Engineer Galen Erso, involved in the Death Star’s design, secretly adds a fatal flaw after forcibly being recruited by Director Orson Krennic. He sends a message to Saw, urging his daughter Jyn Erso to retrieve the plans. At around the same time, its true purpose was leaked from Dedra's files by another supervisor and Axis network spy Lonni Jung, who passed it to Luthen, while he killed Jung to ensure his silence.

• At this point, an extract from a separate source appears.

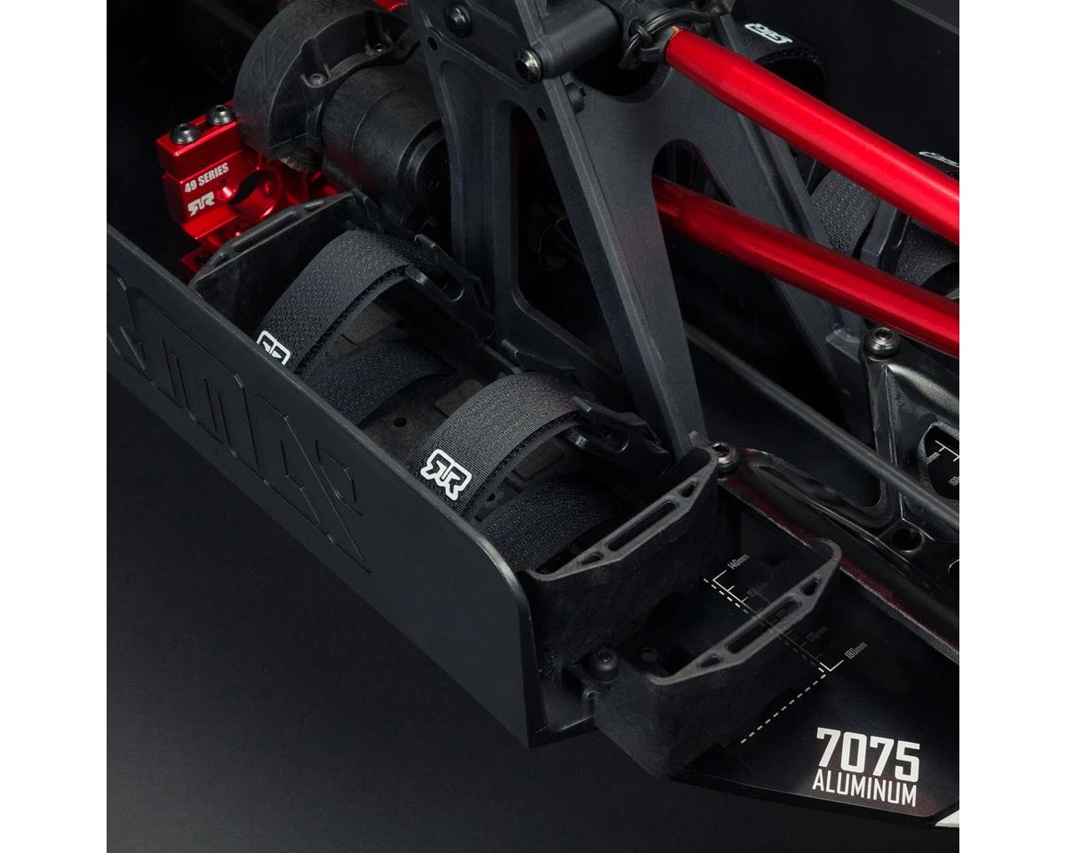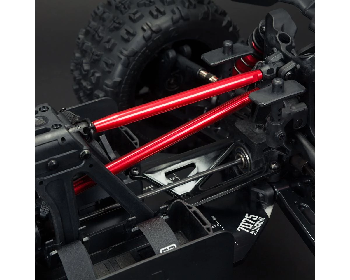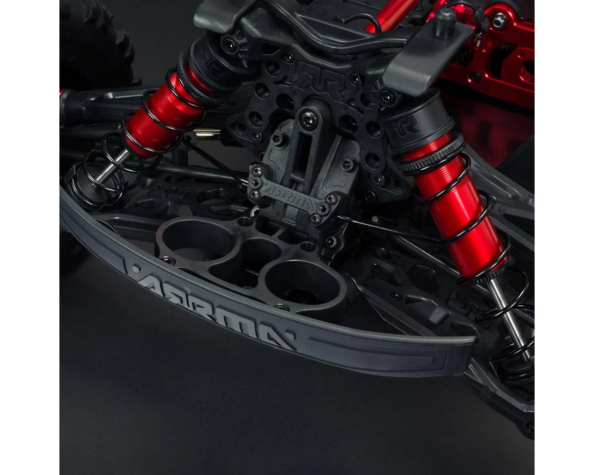 A center body support, aluminum center braces and composite chassis side pods add more strength. All-metal diff outdrives and gearbox internals, plus durable steel driveshafts, provide a reliable, heavy-duty drivetrain that holds up to extreme, high-speed bashing.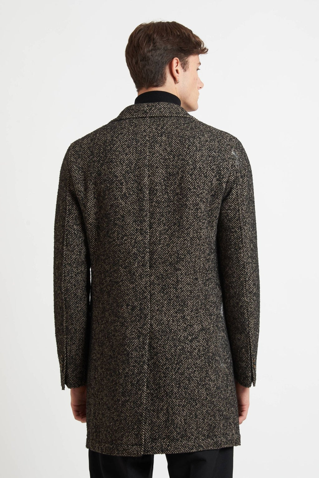 Raffinato e intramontabile, questo cappottino a petto a lancia è realizzato in un tessuto misto con elegante fantasia spina di pesce, perfetto per completare look formali o casual chic durante la stagione fredda.La chiusura frontale con bottoni e le due tasche a toppa con pattina uniscono praticità e stile, mentre il taglio sartoriale valorizza la silhouette mantenendo una vestibilità confortevole.

Dedra, who learned the identity of Axis as Luthen from the files as well as the weapon's existence despite her illegal possession of them from having the files forwarded to her by mistake, attempted to confront him on her own at his shop. Luthen attempted suicide during the confrontation to prevent his interrogation, prompting Kleya to infiltrate the hospital he was held at and disconnect him from life support. Dedra's reckless actions as well as her possession of the files and failure to report the error marked the end of her career, as she was later arrested and interrogated by Krennic, mistakenly implicating her as a rebel spy and leading to her imprisonment at an Imperial labor facility. Kleya was rescued by Cassian on an unsanctioned mission and the information was passed on to Rebel Alliance leadership, but they doubted the weapon's existence due to their strained relationship with Luthen, who manipulated events to ensure the Alliance would formally organize against the Empire. Cassian was sent to the Ring of Kafrene to verify its existence and later to rescue Jyn from Imperial captivity to learn more about the Death Star from her, as well as recruiting her to their cause.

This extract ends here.